J’espère qu’avec votre rage révolutionnaire et votre rancune envers les ennemis de l’Islam, vous obtiendrez la satisfaction du Dieu Tout-Puissant. Ceux qui prennent les décisions ne doivent pas hésiter, ni montrer le moindre doute, ni se soucier des détails. Ils doivent essayer d’être des plus impitoyables contre les infidèles. »

Cette brutalité contre les opposants n’a jamais cessé depuis 1988. Des milliers d’Iraniens qui ont défendu leurs droits ont été tués. Le 15 novembre marque l’anniversaire des grandes manifestations de la populations contre la dictature en Iran. Ce jour-là, les gens sont descendus dans les rues pour revendiquer leurs droits fondamentaux. Les forces du régime ont abattu plus de 1 500 manifestants et arrêté 12 000 personnes. Pendant des mois, le pouvoir judiciaire du régime, alors dirigé par Raïsi, a supervisé la torture systématique des manifestants détenus.

On pourrait conclure que selon la fatwa de Khomeiny, ceux qui représentent et défendent véritablement la nature criminelle du régime génocidaire devraient être promus à des postes élevés. La récente sélection de Raïssi comme président du régime en témoigne.
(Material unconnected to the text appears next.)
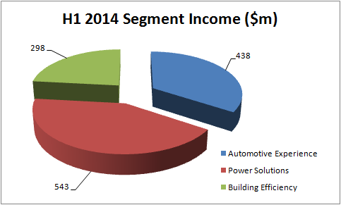 The company reports results within three separate segments, and a look at its segmental income for the first half reveals how it makes money. For ease of reference, its power solutions business is a leading supplier of automotive batteries, automotive experience sells automotive finishing (seating, interiors, etc.), and building efficiency sells heating, ventilation, and air conditioning, or HVAC, solutions.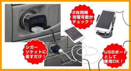 エンジンをかけると電圧・電流・温度が表示され、現在のバッテリ状態を簡単にチェック可能。また合計5V/3.1A出力に対応するUSBポートを2口備え、2台のモバイル端末を同時に充電することができる。

Les meurtriers de masse comme Raïssi jouissent d’une impunité systématique, qui règne en maître en Iran.

Cette impunité découle en grande partie de l’échec de la communauté internationale à demander des comptes au régime en premier lieu. En 1988, la communauté mondiale a fait la sourde oreille aux appels répétés de l’opposition iranienne à enquêter sur le massacre de 1988.

Dans une lettre publiée en décembre 2020, sept experts de l’ONU ont critiqué cette inaction et souligné qu’elle « a eu un impact dévastateur sur les survivants et les familles ainsi que sur la situation générale des droits humains en Iran ». Ils ont également souligné que cette inaction « a encouragé l’Iran à continuer à dissimuler le sort des victimes et à maintenir une stratégie de déviation et de déni qui se poursuit à ce jour ».

Aujourd’hui, le procès d’Hamid Noury peut être considéré comme une remise en cause de l’impunité du régime depuis longtemps, mais il n’est certainement pas suffisant à lui seul. La communauté internationale devrait tenir les responsables du régime tels que Raisi pour responsables de leurs crimes, que ce soit par une résolution du Conseil de sécurité de l’ONU ou par l’application unilatérale du principe de compétence universelle.

Téhéran doit savoir que ses violations des droits humains ne seront plus tolérées. Mais si ce message n’est pas fermement délivré, le régime ne fera que continuer à renforcer l’héritage du génocide de 1988.